The myCopter project envisions that the PAVs and PATS (personal air transport systems) would initially be used to fly at low altitudes for domestic travel between homes and working places. By flying below 2000 feet, the new traffic system hopes to operate outside of controlled airspace, without ground-based traffic control and without impacting on existing air traffic. Whilst the concept sounds very appealing, considerable hurdles remain to be tackled involving aerospace legislation, security and town planning for landing, taking-off and parking.
"Security issues are an important topic that requires extensive attention when the vision of the myCopter project becomes reality, but we foresee that automation will play a big and important role in the entire transportation system," explains Dr. Bülthoff. "Therefore it could be highly likely that no-flight zones that PAVs simply could not fly in will be designed, because the automation that is onboard will not allow the vehicle to be directed towards these zones."
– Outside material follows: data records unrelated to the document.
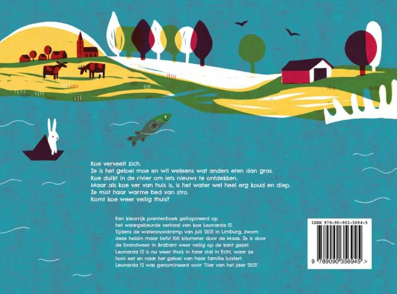 Koe Leonarda 12 raakte te water in juli 2021. Ze dreef vanuit het Limburgse Echt af naar Escharen in Brabant. Daar werd ze door de brandweer uit de Maas gehaald. Theatermaker Joes Boonen vond het zo’n bijzonder verhaal dat ze er in eigen beheer een kinderprentenboek van besloot te maken.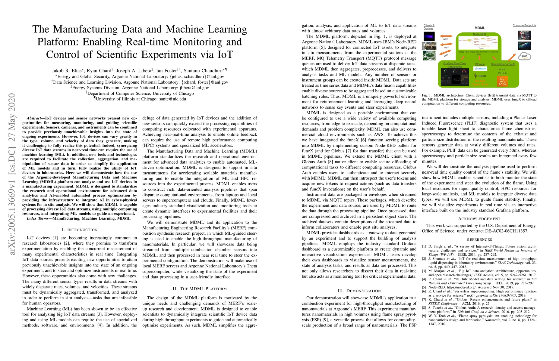 The paper discusses the Argonne-developed Manufacturing Data and Machine Learning (MDML) platform, which enables real-time monitoring and control of scientific experiments using IoT devices. The platform integrates diverse IoT data streams and leverages machine learning to optimize processes and enhance laboratory experiments.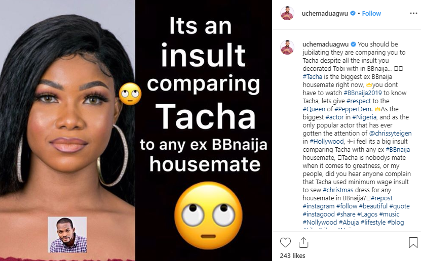 “You should be jubilating they are comparing you to Tacha despite all the insult you decorated Tobi with in BBnaija… ??#Tacha is the biggest ex BBnaija housemate right now, ?you dont have to watch #BBnaija2019 to know Tacha, lets give #respect to the #Queen of #PepperDem. ?As the biggest #actor in #Nigeria, and as the only popular actor that has ever gotten the attention of @chrissyteigen in #Hollywood, ✈️i feel its a big insult comparing Tacha with any ex #BBnaija housemate, ?Tacha is nobodys mate when it comes to greatness, or my people, did you hear anyone complain that Tacha used minimum wage insult to sew #christmas dress for any housemate in BBnaija?”

Another attraction of the myCopter project is its potential to reduce greenhouse emissions by facilitating travel that is more direct between departure and arrival points. Due to the fact that the average myCopter scenario would cover shorter distances (under 100 km / 62 miles) and transport 1-2 passengers, future air vehicles could become completely electric.
"Already now there are technology demonstrators such as the eCO2Avia from EADS that show that electrically powered vertical flight is possible, even though a diesel generator is currently still required to charge the batteries for sustained flight," added Dr. Bülthoff.
myCopter plans to use unmanned aerial vehicles to demonstrate the automation technologies it has developed, including obstacle avoidance, path planning and formation flying.